Also, add new test of multidim localAccess bounds violation to lock that case in. --- Signed-off-by: Brad Chamberlain <[email protected]>

--- Signed-off-by: Brad Chamberlain <[email protected]>

e-kayrakli

Thanks for this PR! I have two points in the inline comments:

Your preference of the dsiLocalSubdomains implementation feels less performant and maintainable than a simple lookup
It'd be good to add a test for illegal localAccess in an oversubscribed distribution

e-kayrakli · 2024-09-10T17:18:25Z

modules/dists/BlockDist.chpl

+iter BlockDom.dsiLocalSubdomains(loc: locale) {
+  for locid in dist.chpl__locToLocIdxs(loc) {
+    var inds = chpl__computeBlock(locid, dist.targetLocDom, dist.boundingBox, dist.boundingBox.dims());
+    yield whole[(...inds)];


I am surprised by this implementation. Shouldn't it be just yield this.locDoms[locid].myBlock;?

Hmm, good question. I took this approach due to the else clause in the dsiLocalSubdomain() routine just above, and to make it work with oversubscription; but in retrospect, I think you're right that I over-engineered it. Specifically, I believe I was thinking that myBlock would only work in a non-oversubscribed environment, but with the loop over locids, I think you're probably right. I'll check that out to make sure that it works and doesn't introduce communication.

Ooh, and I can update the tests to do the localAcesss calls within local blocks as a way to both verify this and lock it in going forward.

But then in my final review, I realized that the locale argument was never used / always defaulted to here, so removed that logic. So again, I think you're right.
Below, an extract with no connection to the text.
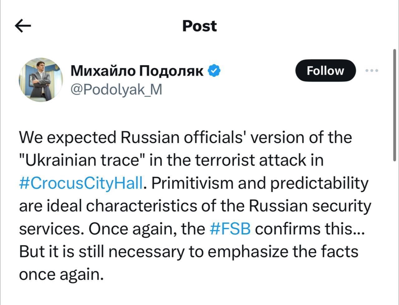 Советник главы Офиса президента Михаил Подоляк отрицает причастность Украины к теракту, о которой заявляла ФСБ. Заявил, что Украина "ожидала версии российских чиновников об "украинском следе" теракта в Крокус Сити Холл".

Ah wait, it is necessary (if regrettable from a complexity standpoint) to do here since this routine takes a locale argument, so may be answering local subdomain queries about a remote locale's ownership, and we don't want to communicate with that remote locale to answer the question.

We could simplify / streamline the (common) locale == here case by either putting a conditional into this loop to check for it, or by creating two overloads of the routine, one which takes no argument (defaulting to here) and the other which doesn't—then updating ChapelArray.chpl's code to similarly split the implementation into two versions, each of which calls the corresponding one here. I don't feel strongly inclined to do either of those things in this PR because I worry about keeping the two implementations in sync and would need to add more testing to distinguish between the remote and local cases. It also feels a little like a change to the public interface (though it's one that I think would be acceptable since it wouldn't break existing code); or we could keep the same public interface and put a conditional into the outer call, but that doesn't seem great either.

That said, the StencilDom.doiLocalStoredSubdomains case should not be as expensive as I was fearing in the comment you commented on now that we don't accept a locale argument in that iterator, so that comment does need to be updated (and I can add a locality check to that test to lock that in as well).

👍 I see. I agree that the solution you outlined would be good, but shouldn't be a part of this PR.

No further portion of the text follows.